This YouTube video shows the burning of Souq al-Madina in Aleppo last weekend. For more, see lewaaltawheed.
Among the unspeakable tragedies in Syria’s civil war was the burning last Saturday of the medieval Souq al-Madina in Aleppo. 1,500 stalls up in smoke, livelihoods vanished, the soul of an ancient city destroyed.
“Our hearts and minds have been burned in this fire,” said a doctor, who gave her name as Dima, speaking to The New York Times.
I didn't get to Aleppo in time. The war put an end to my romantic dreams of traveling there, and to Damascus. The city is said to be the oldest continuously inhabited city in the world, and in 1986 the Souq and the ancient neighborhoods around it were designated a Unesco World Heritage Site.
Like the Bamiyan Buddhas that were destroyed in Afghanistan.
Istanbul had whetted my appetite.
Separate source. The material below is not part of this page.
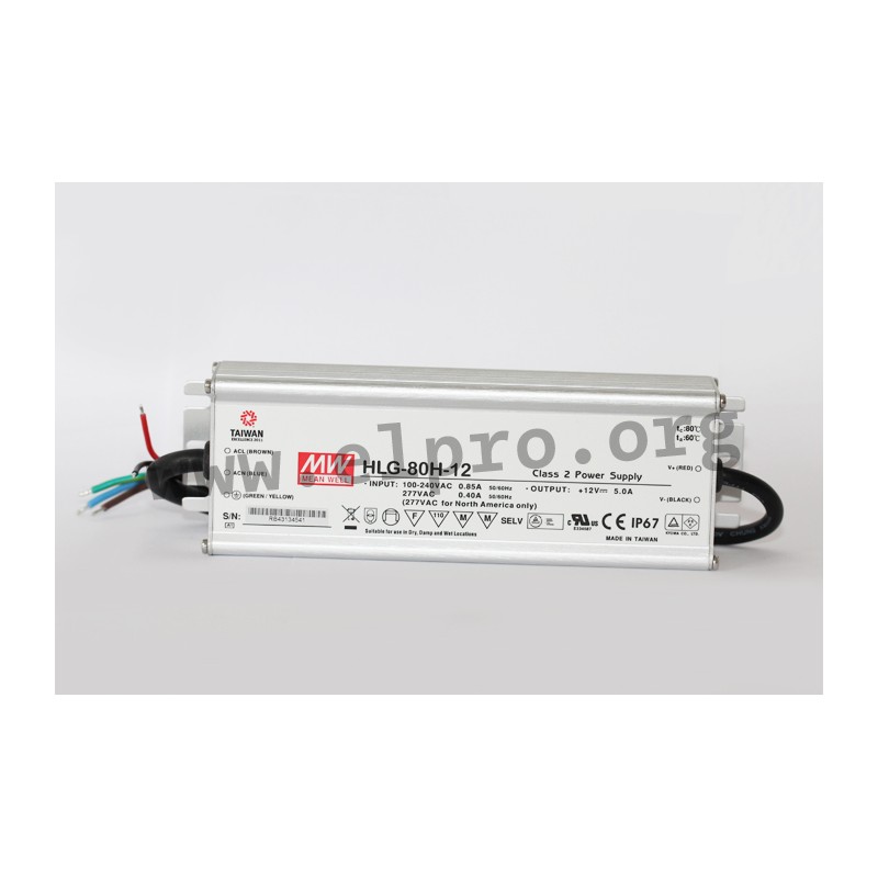 LED drivers in an aluminium housing (IP67) with a constant current, a constant voltage, 80W and a wide input range. These SELV compliant devices are protected against short circuit, overload (auto recovery), overvoltage as well as overtemperature and comply with EN61347-1, EN61347-2-13, EN55015 as well as EN61000-3-2 class C. They are suitable for LED lighting applications and have a built-in active PFC function. We offer the following types of this Mean Well series: HLG-80H-12, HLG-80H-15, HLG-80H-20, HLG-80H-24, HLG-80H-30, HLG-80H-36, HLG-80H-42, HLG-80H-48 and HLG-80H-54.

On the Bosphorous we tasted tangy ground red pepper and pastries rich with pistachios that were said to come from the region around Aleppo.
“Our best pomegranate molasses, red pepper paste, and spices come from Gazantiep,” said one woman of the Turkish city that lies not far from the Syrian border. It was her dream, now impossible, to go to Aleppo one day.
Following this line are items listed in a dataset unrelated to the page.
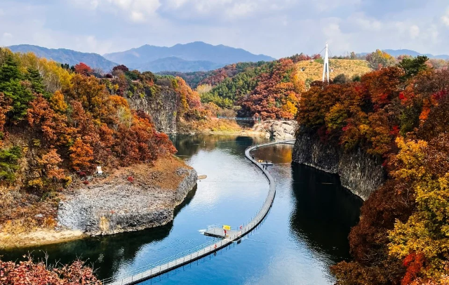 한탕강 물윗길은 굽이치는 모양의 한탄강 중앙에 설치된 트래킹 코스입니다. 가을과 겨울 시즌에 운영하는 코스로, 겨울에는 꽝꽝 언 강이 매력적인 곳입니다. 가을이나 초겨울에 방문한다면, 알록달록 아름답게 물든 나무들을 감상할 수 있습니다.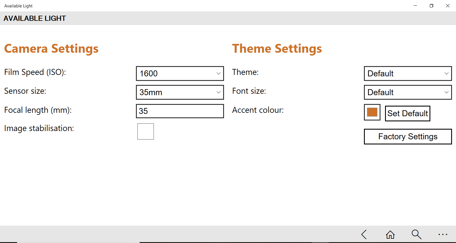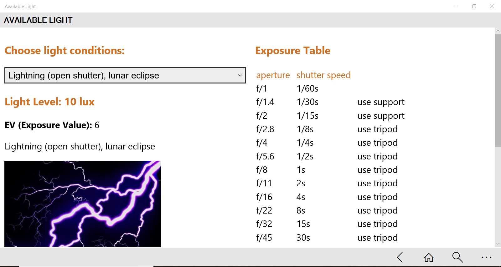 Modern cameras have great built-in light meters, but sometimes taking photographs using available light (i.e. without flash or other photographic lighting) can be a challenge, especially with long exposures in low light levels or very high intensity lighting. Fortunately in extreme conditions you can usually use an exposure guide like this one. Simply enter your film speed setting, choose the lighting conditions from the list and then see a table of shutter speed and aperture combinations. This table allows you to use a camera with manual control in conditions outside the range of the built-in light meter. The app will also compute the Exposure Value and light level in lux. It's a simple tool to help you take good photographs in difficult conditions.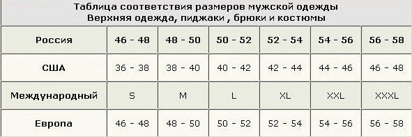 Таблица размеров одежды для мужчин (джемпера, куртки, халаты, жилеты и так далее)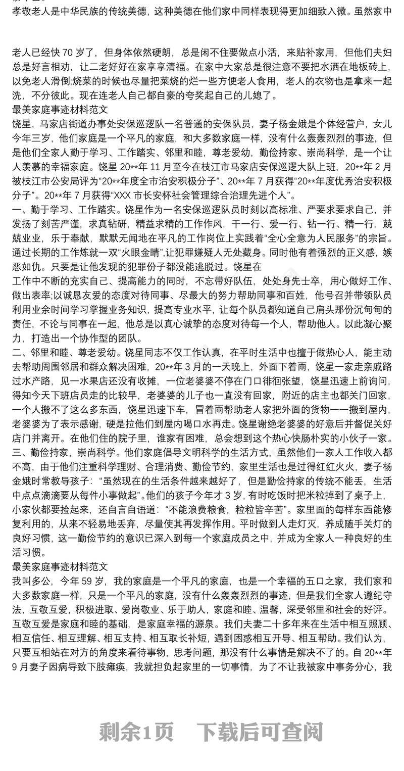 模范家庭事跡材料包含

The Souq al-Madina is said to comprise 13 kilometers of enclosed passages and alleyways. There, under vaulted brick ceilings, are hundreds of individual souqs, caravanserais and workshops dedicated to single products such as olive oil soap, copper, wool, silks, jewelry and spices. Some of this thriving market dated from the 14th and 15th centuries and it seems to have been the old wooden doors that burst into flames last weekend. Many passages are now charred and blackened with smoke.
Here's a YouTube video of the market in happier times:
Produced by Isabelle Carbonnell for Izaca Productions.
According to Clifford Wright in A Mediterranean Feast, Aleppo was a terminus of the caravan routes that carried luxury goods overland from Asia. For centuries it prospered from its trade with Venice which itself became fabulously rich selling pepper and other spices throughout Western Europe. Aleppo was one of the main transit points, where the “Venetians dropped off their cloth, silk manufactures, trinkets and glass and [in turn] packed their ships with raw silk and spices.”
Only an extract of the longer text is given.